On the inverse problem of finding the right-hand side of wave equation with nonlocal condition

Recently, inverse problems for the differential equations have been intensively studied. Such problems arise in the various fields of mathematics, geophysics, seismology, astronomy, ecology, etc. In this paper, we propose an approach to solving the inverse problem for the wave equation. The search for the unknown right-hand side of the equation is reduced to the problem of minimizing the functional constructed using additional information. The gradient of the functional is calculated and the optimality condition is derived.
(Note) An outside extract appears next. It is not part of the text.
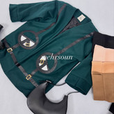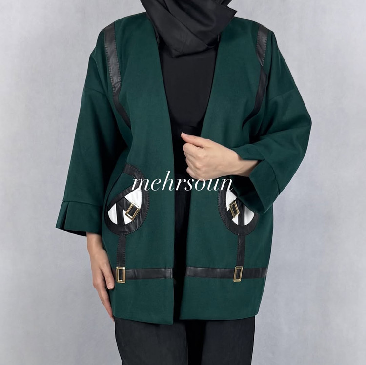 طراحی تزئینی خاص: جیبهای هندسی، سگکهای طلایی و ترکیب رنگی چشمنواز، ظاهری منحصربهفرد ایجاد میکند.
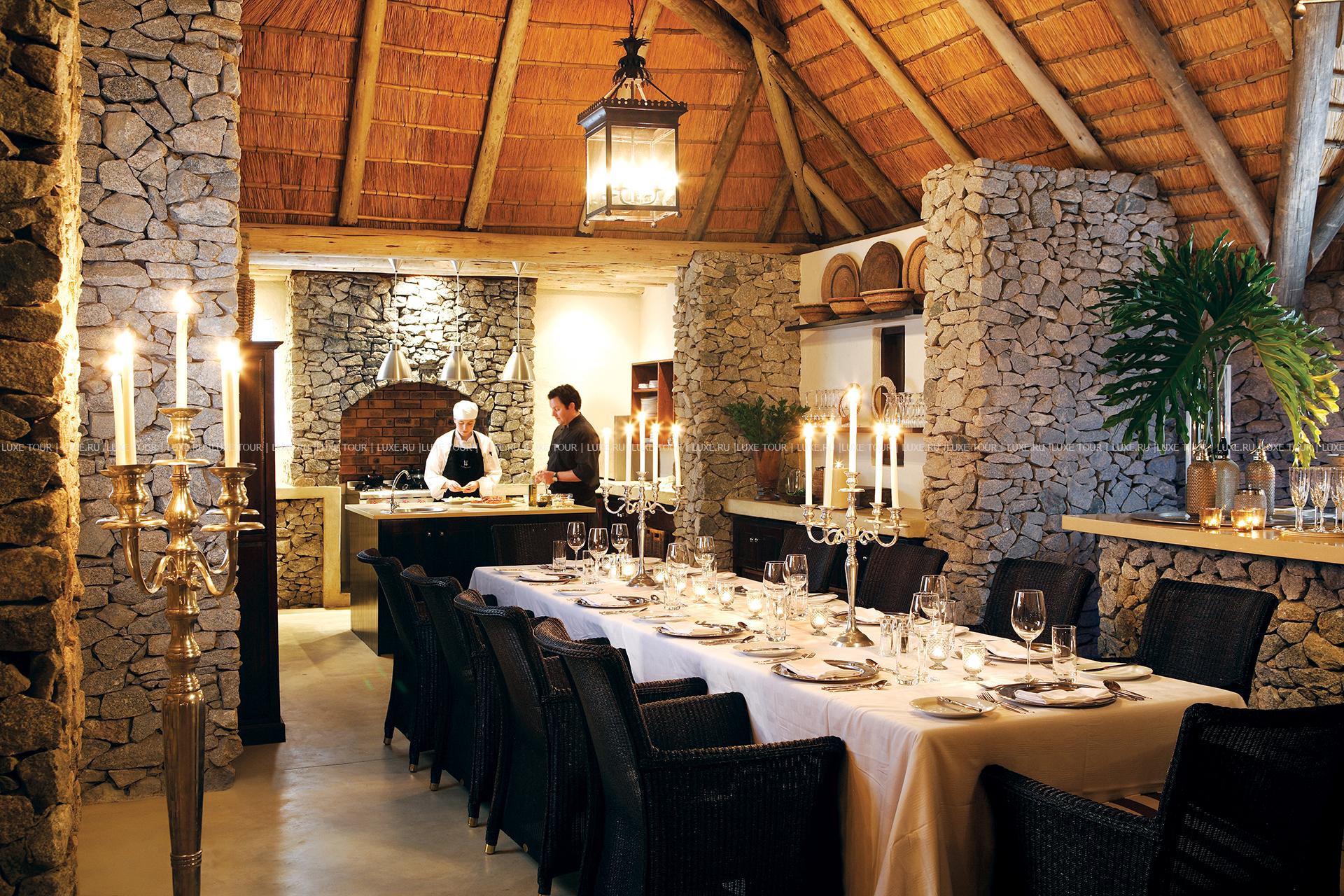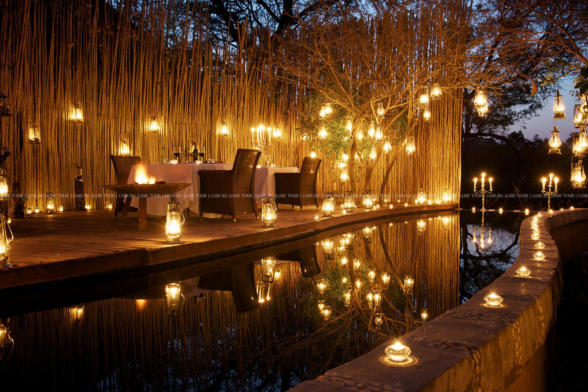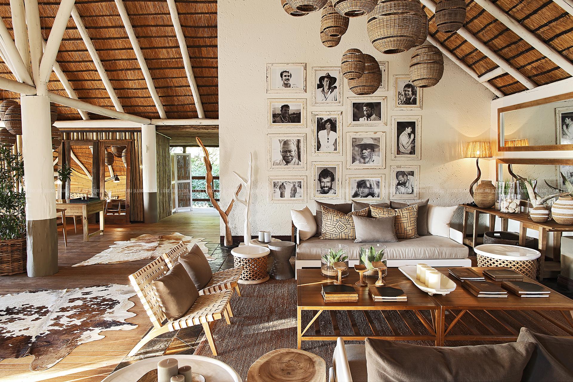 В каждом лагере и в лодже: ресторан-столовая, бар, обеденный зал на открытом воздухе «бома».

In the cylinder $\mathcal{Q}_T=\Omega\times(0,T)$, consider the problem
\begin{gather} \frac{\partial^2u}{\partial t^2}-\Delta u=\vartheta(x,t), \quad (x,t)\in\mathcal{Q}_T,\\ u(x,0)=\varphi_0(x), \frac{\partial u(x,0)}{\partial t}=\varphi_1(x), \quad x\in\Omega,\\ \frac{\partial u}{\partial \nu}\Big|_{S_T}=\int_\Omega K(x,y)u(y,t)dy,\quad (x,t)\in S_T, \end{gather}
where $\Omega\in R^n$ is a bounded domain with a smooth boundary $\partial\Omega$, $S_T=\partial\Omega\times(0,T)$ is the laterial surface of $\mathcal{Q}_T$, $\nu$ is an outward normal to $\partial\Omega$, $\varphi_0(x)\in W_2^1(\Omega)$, $\varphi_1(x)\in L_2(\Omega)$, $K(x,y)\in L_2(\Omega\times\Omega)$ are given functions, and $\vartheta(x,t)\in L_2(\mathcal{Q}_T)$ is the unknown function. To determine $\vartheta(x,t)$, we use the following additional information:
\begin{equation} u(x, T)=g(x), x\in\Omega, \text{ where }g(x)\in L_2(\Omega) \text{ is a given function.} \tag{4} \end{equation}
The problem is reduced to the following problem: minimize the functional
\begin{equation} J_0(\vartheta)=\frac12\int_\Omega(u(x,T;\vartheta)-g(x))^2dx\tag{5} \end{equation}
subject to (1)–(3), where $u(x,T;\vartheta)$ is a solution of problem (1)–(3) corresponding to $\vartheta(x,t)$ which is called a control. The solvability of problem (1)–(3), (5) is proved.
Consider the functional
\begin{equation} J_\alpha(\vartheta)=J_0(\vartheta)+\frac\alpha2\int_0^T\int_\Omega(\vartheta(x,t)-\omega(x,t))^2dx\,dt.\tag{6} \end{equation}
Then, the differential of this functional is calculated and the following theorem is proved:
Theorem. Under the considered conditions, for the optimality of the control $\vartheta_*=\vartheta_*(x,t)\in U_{ad}$ in the problem (1)–(3), (6) it is necessary that the inequality
\begin{equation} \int_0^T\int_\Omega(\alpha(\vartheta_*-\omega)-\psi(x,t;\vartheta_*))(\vartheta-\vartheta_*)dx\,dt\geqslant0\tag{7} \end{equation}
is fulfilled for all $\vartheta\in U_{ad}$.